Artificial Intelligence-Based Multi-Tiered Architecture for the Detection of Fake News, Spam Data and Unauthorized Users
P. KardeepaAssistant Professor, Department of Computer Science and Engineering, Kalasalingam Academy of Research and Education, Virudhunagar, India. p.kardeepa@klu.ac.in0000-0002-6354-8175
N. SubbulakshmiAssociate Professor, Department of Computer Science and Engineering, Kalasalingam Academy of Research and Education, Virudhunagar, India. subbulakshminammalwar@gmail.com0000-0002-9863-5033
A.M. GurusigaamaniAssistant Professor, Department of Computer Science and Engineering, Kalasalingam Academy of Research and Education, Virudhunagar, India. gurusigaamani@klu.ac.in0000-0001-8652-7468
Keywords: Artificial Intelligence, Multi-Tiered Architecture, Fake News Detection, Spam Detection, Unauthorized User Detection, Machine Learning, Deep Learning, Natural Language Processing, BERT, GPT-2, XGBoost, Autoencoder, Data Security, MTA-SD, Digital Innovation.
Abstract
The growth of online platforms has triggered the growing necessity of effective detection systems to deal with threats such as fake news, spam, and unauthorized users.

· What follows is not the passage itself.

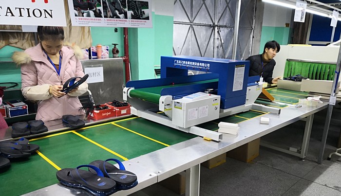 莆田鞋厂流水线上检针机使用现场: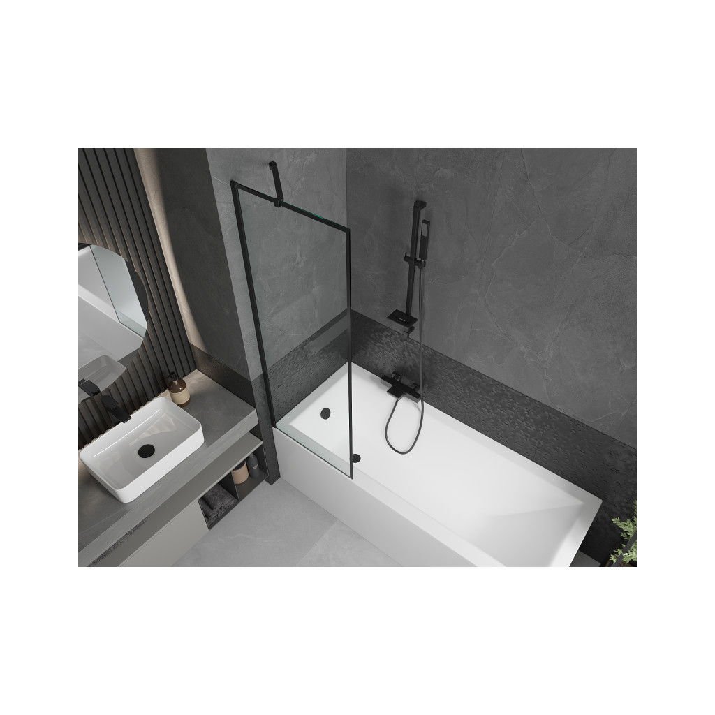 Mexen Next, vaňová zástena 1-krídlová 60 x 150 cm, fixné krídlo, 6 mm číre sklo s čiernym vzorom, čierny profil, 895-060-000-00-70-70

Existing models have serious problems, such as limited task coverage, limited generalization across diverse datasets, overfitting, and the inability to address multi-domain threats within a single framework. As a way to overcome these obstacles, we would suggest the Multi-Tiered Architecture for Spam Data Detection (MTA-SD), a solution that will incorporate AI-based methods, including machine learning, deep learning, and natural language processing, into a multi-layered detection architecture. The system is able to address more than fake news, spam, and unauthorized user detection, but by augmenting digital platforms' security, it supports the objective of SDG 9: Industry, Innovation, and Infrastructure, by providing safe, robust, and innovative infrastructures. The architecture addresses three major detection tasks simultaneously, including Fake News Detection (FND), Spam or Malicious Data Detection (MDD), and Unauthorized User Detection (UUD). Using the hybrid systems of BERT with textual data, GPT-2 with contextual insights, and XGBoost for spam classification, the proposed system is guaranteed to achieve high accuracy across different types of inputs. The results of the evaluation indicate that the MTA-SD model is better than the previous solutions since it has an accuracy of 99.90, precision of 99.95, recall of 99.96, and an F1 score of 99.99% in various datasets, including ISOT, LIAR, IFND, and Malicious Webpages. This capability of the architecture to combine various detection activities, make use of sophisticated feature engineering, and evolve with new threats with the continuous learning of new features makes it a scalable and robust system to achieve real-time detection. This model not only addresses the constraints of the traditional methodologies but also offers a multifaceted, flexible, and very precise system for solving the current issues of digital security.